I used tstraub's 4-button learning controller for the programming and after a lot of trial and error I got the thing to run great on about 25 psi.

FUTURE UPGRADES: I plan on rebuilding this for next season and adding teeth, blood and hopefully a chomping mouth animation.

DURABILITY: It's not as sturdy as store-bought folks! But that's why we are here. You can expect to lose pieces of great stuff 'skin' and some plastic just from the violent shaking. The first night of the haunt it probably triggered 150 times and the head looked funny. I took it home and found that a section of the neck frame right above where the movement-arm connects had snapped.
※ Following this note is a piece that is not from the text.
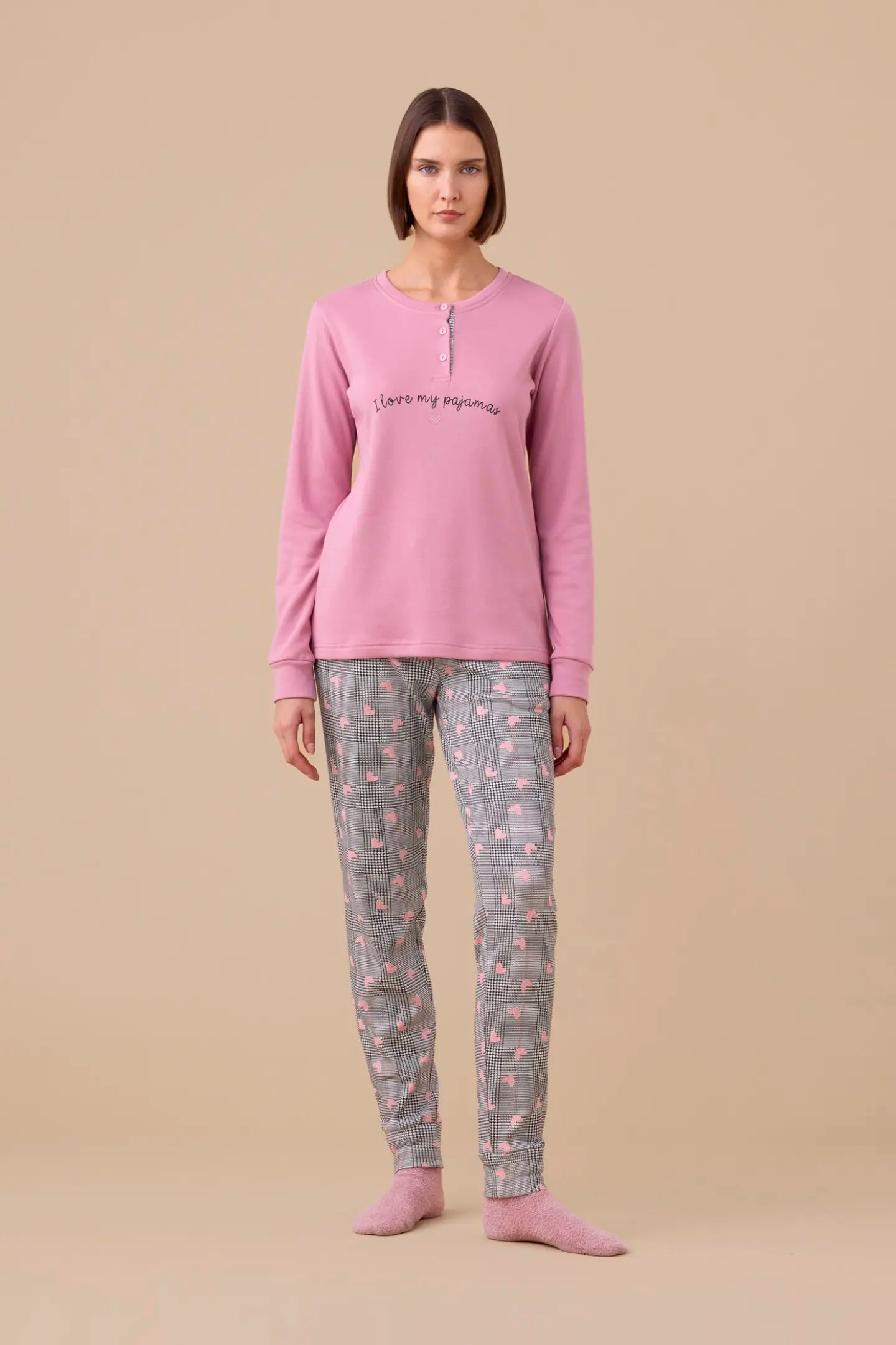 Γυναικεία ζεστή πιτζάμα από βαμβακερό fleece, σε σχήμα καρδιάς.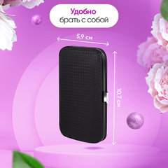 Инструменты упакованы в стильный компактный футляр. Он легко помещается в любую сумочку и не занимает место во время путешествия. Конструкция кейса защищает содержимое от повреждений. Размер футляра – 5,9х10,7 см. Набор продается в подарочной упаковке, что позволяет использовать его для поздравления близких, друзей и коллег с любым праздником!

I don't know if that was from stress or when a kid punched the dog (seriously!)










I used JB Weld on the break and wrapped it over and over with duct tape. On the second night it triggered maybe 220 times. The JB Weld repair broke but the duct tape held tight and we survived. One more night to go so I'm letting it ride.

That's all I have for now. Feel free to ask any questions you might have, and give me a 'like' if you like my tut.

DW


----------



## Death Wraith (Mar 23, 2006)

Working as I speak to correct images and video. Thanks Roxy


----------



## Death Wraith (Mar 23, 2006)

The final prop "on-set"


----------



## Bone Dancer (Oct 7, 2005)

Nice, but beyond my skill level.


----------



## Copchick (Apr 10, 2012)

Nice job! I like the thrashing head.


----------



## Lord Homicide (May 11, 2012)

LOL!! That is killer. I agree with Copchick, the head thrash sells it.


----------



## ocalicreek (Aug 1, 2013)

Terrific!

I'm hoping to do something similar but without the dog....just a chain and a spiky collar emerging from a doghouse/mausoleum. Still, pneumatics are just beyond the current skill level...maybe in a few years.

Again, terrific prop. 

Galen


----------



## The-Hog-Flu (Oct 21, 2013)

Holy crap that's awesome movement!


----------



## The Halloween Lady (Aug 18, 2010)

Whoa, that is seriously cool!


----------



## Death Wraith (Mar 23, 2006)

Thanks everybody! Glad you enjoyed my first tut.


----------



## Revenant (Mar 17, 2007)

I featured this on "Mad Props for Props" on the Hauntcast Post Mortem show which, incidentally, aired today, Friday 13 (and is free.)

http://hauntcast.net/


----------



## LucDarque (Jan 18, 2014)

Stealing this one buddy. That looks awesome. I was going to build a dog prop this year but ran out of time. Must have happened for a reason because this is way beyond where I was going. Thanks!


----------



## Death Wraith (Mar 23, 2006)

Thanks a lot Revenant! That's pretty cool and totally unexpected!


----------



## beelce (Jul 21, 2007)

Love it....this guy just will not give up.....


----------



## spokanejoe (Sep 16, 2006)

Terrific!!


----------